The Hollywood Reporter first broke the news a week ago that CMT was in talks with the sitcom's producers for an order that some sources claimed could be a shortened order, while others claimed could be 20-episode revival spanning multiple seasons of the TV sitcom. Insiders claimed that a deal would be unlikely at the time, because the veteran show has such a high price attached to it, and the show just proved to be too pricey for the cable network.

While this development most likely means the sitcom is cancelled, the cast and writing staff remain under contract until the end of June, but if a new home hasn't been found between now and then, Last Man Standing will be through after 130 episodes. CMT would have been the most likely home for Last Man Standing, since the cable network airs syndicated repeats of the program. The sitcom's cancellation itself was quite surprising to many, since it is still a solid ratings performer, despite airing on Friday nights, when most networks save shows they have lower expectations for. Last Man Standing averaged a 1.7 rating in the 18-49 demographic last year, with an average of 8.4 million viewers tuning in each week.
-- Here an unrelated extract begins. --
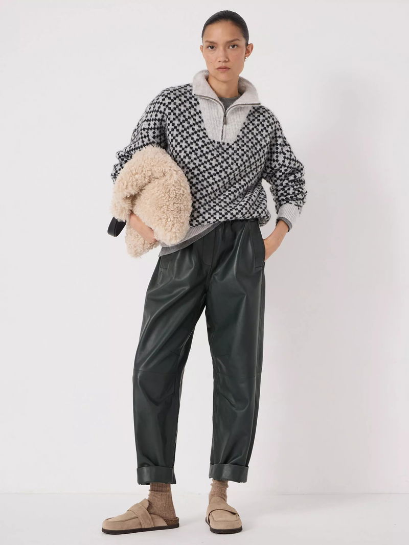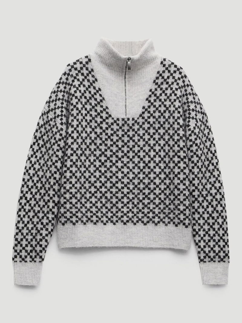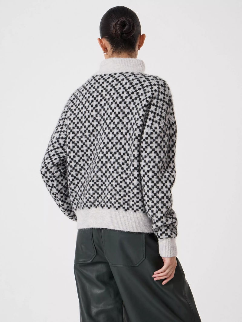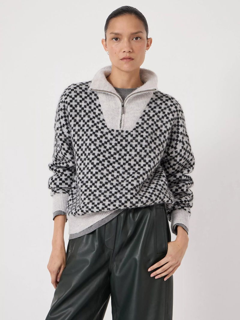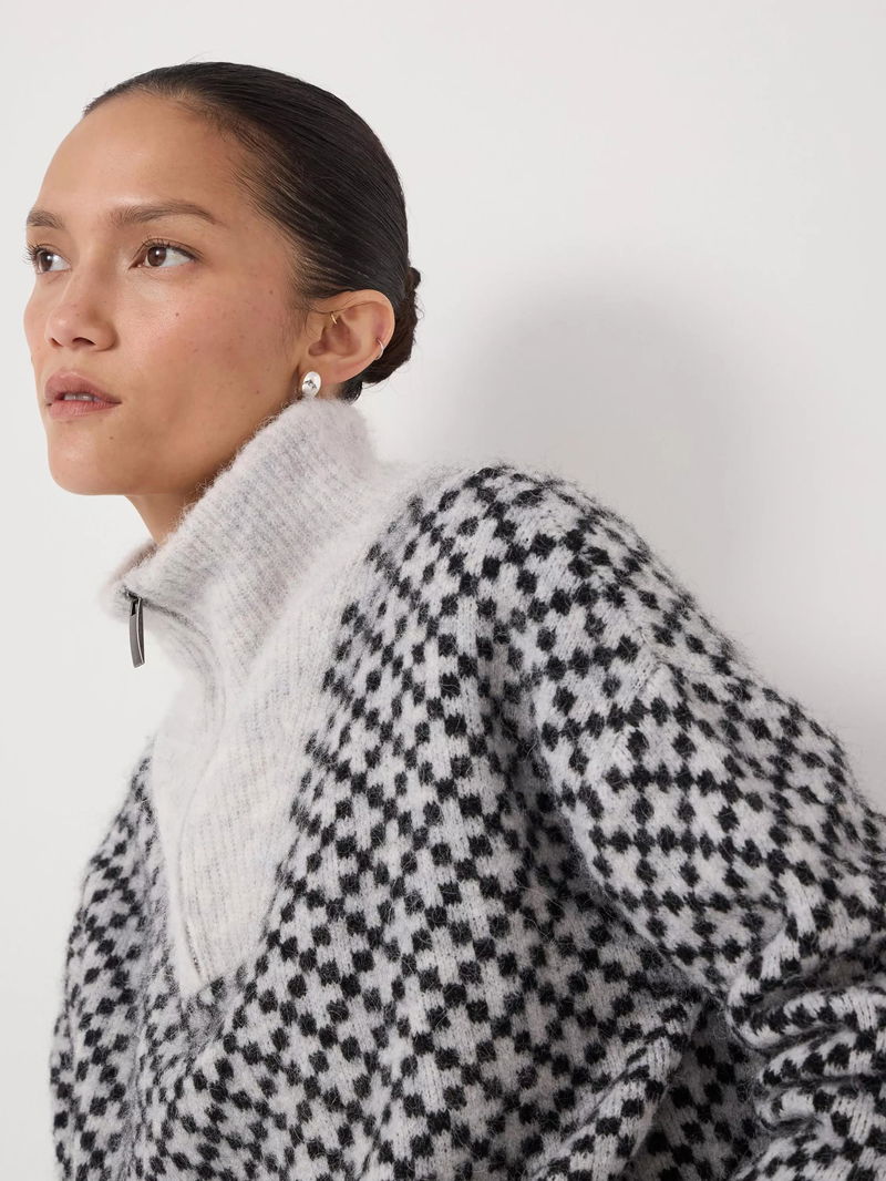 Juno Quarter Zip Mono Wool Jacquard Jumper

Related: Tim Allen's Last Man Standing Gets Revived on Fox

Last Man Standing debuted in the 2011-2012 TV season, eventually outlasting almost every other comedy series that debuted on the network that season, such as Suburgatory, Don't Trust the B in Apt. 23, Good Christian Belles, Man Up and Work It. The show also outlasted all of the drama shows that season, with the exceptions of Scandal, which will air its final season this fall, and the hit fantasy series Once Upon a Time. The series followed Mike Baxter (Tim Allen), the marketing director for an iconic outdoor sporting goods store. While Mike is king of the hill at work, he's the odd man out in a home that is dominated by women, namely his wife, Vanessa (Nancy Travis), and their three daughters, 22-year-old Kristin (Amanda Fuller), 17-year-old Mandy (Molly Ephraim) and 14-year-old Eve (Kaitlyn Dever). The cast also included Hector Elizondo, Christoph Sanders and Flynn Morrison.

ABC president Channing Dungey revealed at the network's upfronts that they ultimately decided to cancel the series because the network decided to move away from a comedy block on Friday nights, with the network also cancelling the other comedy series it was paired with, Dr. Ken starring Ken Jeong. The network president also stressed that Tim Allen's status as a longtime conservative Republican (he dressed up as President Donald Trump for this year's Halloween episode), had nothing to do with the cancellation. Tim Allen is one of the few prominent Republicans in Hollywood, comparing being conservative in this town to living in "30s Germany" in an interview. The actor had stated that he was "stunned" and "blindsided" by the cancellation of Last Man Standing, while 20th Century Fox Television's Howard Kurtzman stated they would explore opportunities to bring the series back, but, barring a last-second miracle, the series will not be back on the air.